What to produce – Your response should be an exact transcription of the data, images excluded.

Material provided –
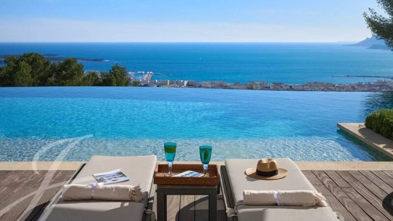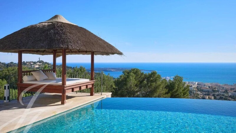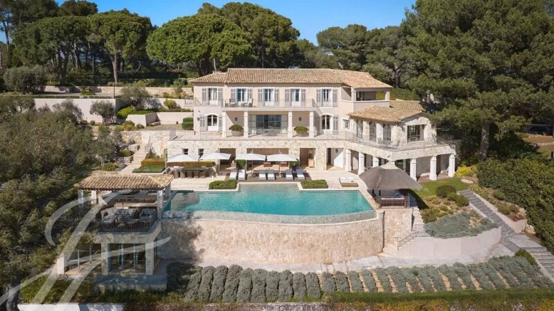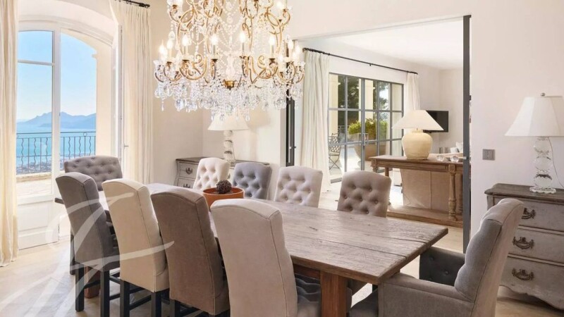 Co-exclusivity. Situated on the heights of Cannes' most coveted hill, this sumptuous property enjoys spectacular panoramic views over the bay, the Lérins islands and the Estérel massif. Completely renovated in a contemporary Provencal style, the property combines refined decor, soft colors and top-of-the-range amenities to create a natural ambience in an idyllic setting representing the art of living in Provence. The villa's interior and exterior design is dedicated to the comfort of its occupants. First floor: entrance, master suite opening onto south-facing terrace with sea view, dressing room, bathroom, shower and toilet; second bedroom opening onto terrace with sea view, shower room and toilet; third bedroom opening onto terrace with sea view, dressing room, bathroom, separate toilet. On the garden level: a vast living room with fireplace opening onto terrace, dining room opening onto terrace also leading onto covered terrace equipped with summer dining room and guest toilet, a beautiful kitchen with wine cellar opening onto terrace, a second fully equipped kitchen with laundry room, and a bedroom with shower room. Staff house of approx. 117 m² comprising a living room with kitchenette, three bedrooms, shower room and toilet. Carport and garage. An independent bedroom with shower room is located on the pool level. Set in beautifully structured landscaped grounds of approx. 7,700 m², the attractive pool area invites you to relax overlooking the Mediterranean Sea. It features a covered terrace equipped with a lounge and summer kitchen with bar, shower and toilet. The infinity pool, which can be heated, includes a Jacuzzi. A fitness room with "Star Trac" equipment also boasts a sea view.
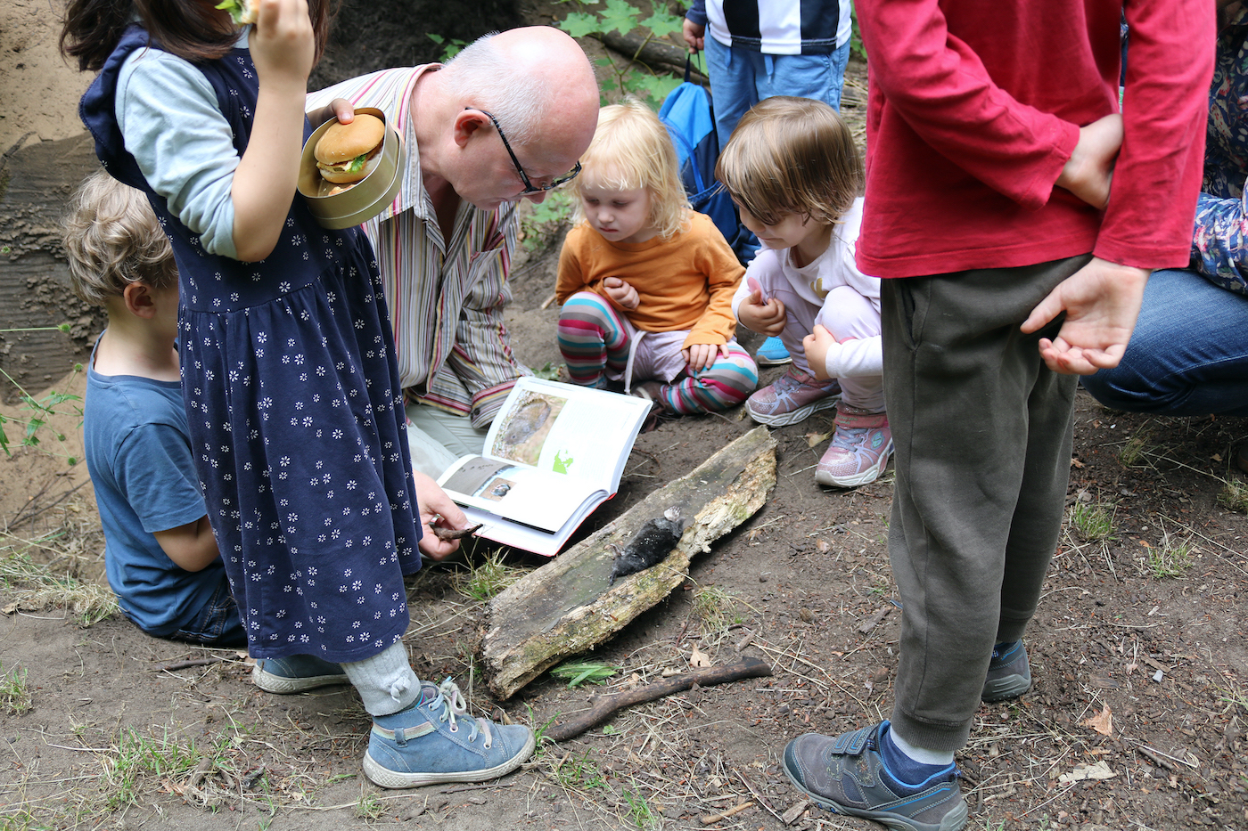 Der Wald fördert die Kreativität der Kinder. Sie bauen Holzzelte, rühren Holunderseife oder schnitzen Rohrflöten. An diesem Tag finden sie einen toten Maulwurf. Wie groß die Schaufeln sind! „Der hat ja keine Augen!“, ist eines der Kinder erstaunt. Im Buch „Tierspuren“ finden sie heraus, was Maulwürfe fressen, wie „Maulwurfkacka“ aussieht, dass die Tiere fast blind sind und mit ihren Schaufeln lange Gänge in die Erde graben. „Warum wohnt er in der Erde? Warum ist er gestorben?“, fragen sie Andreas Schönefeld. Gemeinsam suchen sie einen ruhigen Platz, um ihn zu beerdigen. Wie selbstverständlich erfahren Frida, Paul und die anderen die Natur. Sie erleben Tiere und Pflanzen in ihren ursprünglichen Lebensräumen und sammeln ganzheitliche Erfahrungen.
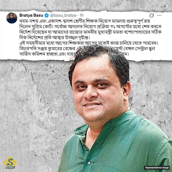 শিক্ষামন্ত্রী লিখেছেন নবম-দশম, একাদশ-দ্বাদশে শিক্ষক নিয়োগ মামলায় গুরুত্বপূর্ণ রায় দিয়েছে সুপ্রিম কোর্ট। সর্বোচ্চ আদালত নিয়োগ প্রক্রিয়া ৩১ অগাস্টের মধ্যে শেষ করতে নির্দেশ দিয়েছে যা মুখ্যমন্ত্রীর সঠিক দিক নির্দেশের প্রতি আস্থার উজ্জ্বল দৃষ্টান্ত।

The completed task –
 Co-exclusivity. Situated on the heights of Cannes' most coveted hill, this sumptuous property enjoys spectacular panoramic views over the bay, the Lérins islands and the Estérel massif. Completely renovated in a contemporary Provencal style, the property combines refined decor, soft colors and top-of-the-range amenities to create a natural ambience in an idyllic setting representing the art of living in Provence. The villa's interior and exterior design is dedicated to the comfort of its occupants. First floor: entrance, master suite opening onto south-facing terrace with sea view, dressing room, bathroom, shower and toilet; second bedroom opening onto terrace with sea view, shower room and toilet; third bedroom opening onto terrace with sea view, dressing room, bathroom, separate toilet. On the garden level: a vast living room with fireplace opening onto terrace, dining room opening onto terrace also leading onto covered terrace equipped with summer dining room and guest toilet, a beautiful kitchen with wine cellar opening onto terrace, a second fully equipped kitchen with laundry room, and a bedroom with shower room. Staff house of approx. 117 m² comprising a living room with kitchenette, three bedrooms, shower room and toilet. Carport and garage. An independent bedroom with shower room is located on the pool level. Set in beautifully structured landscaped grounds of approx. 7,700 m², the attractive pool area invites you to relax overlooking the Mediterranean Sea. It features a covered terrace equipped with a lounge and summer kitchen with bar, shower and toilet. The infinity pool, which can be heated, includes a Jacuzzi. A fitness room with "Star Trac" equipment also boasts a sea view.
 Der Wald fördert die Kreativität der Kinder. Sie bauen Holzzelte, rühren Holunderseife oder schnitzen Rohrflöten. An diesem Tag finden sie einen toten Maulwurf. Wie groß die Schaufeln sind! „Der hat ja keine Augen!“, ist eines der Kinder erstaunt. Im Buch „Tierspuren“ finden sie heraus, was Maulwürfe fressen, wie „Maulwurfkacka“ aussieht, dass die Tiere fast blind sind und mit ihren Schaufeln lange Gänge in die Erde graben. „Warum wohnt er in der Erde? Warum ist er gestorben?“, fragen sie Andreas Schönefeld. Gemeinsam suchen sie einen ruhigen Platz, um ihn zu beerdigen. Wie selbstverständlich erfahren Frida, Paul und die anderen die Natur. Sie erleben Tiere und Pflanzen in ihren ursprünglichen Lebensräumen und sammeln ganzheitliche Erfahrungen.
 শিক্ষামন্ত্রী লিখেছেন নবম-দশম, একাদশ-দ্বাদশে শিক্ষক নিয়োগ মামলায় গুরুত্বপূর্ণ রায় দিয়েছে সুপ্রিম কোর্ট। সর্বোচ্চ আদালত নিয়োগ প্রক্রিয়া ৩১ অগাস্টের মধ্যে শেষ করতে নির্দেশ দিয়েছে যা মুখ্যমন্ত্রীর সঠিক দিক নির্দেশের প্রতি আস্থার উজ্জ্বল দৃষ্টান্ত।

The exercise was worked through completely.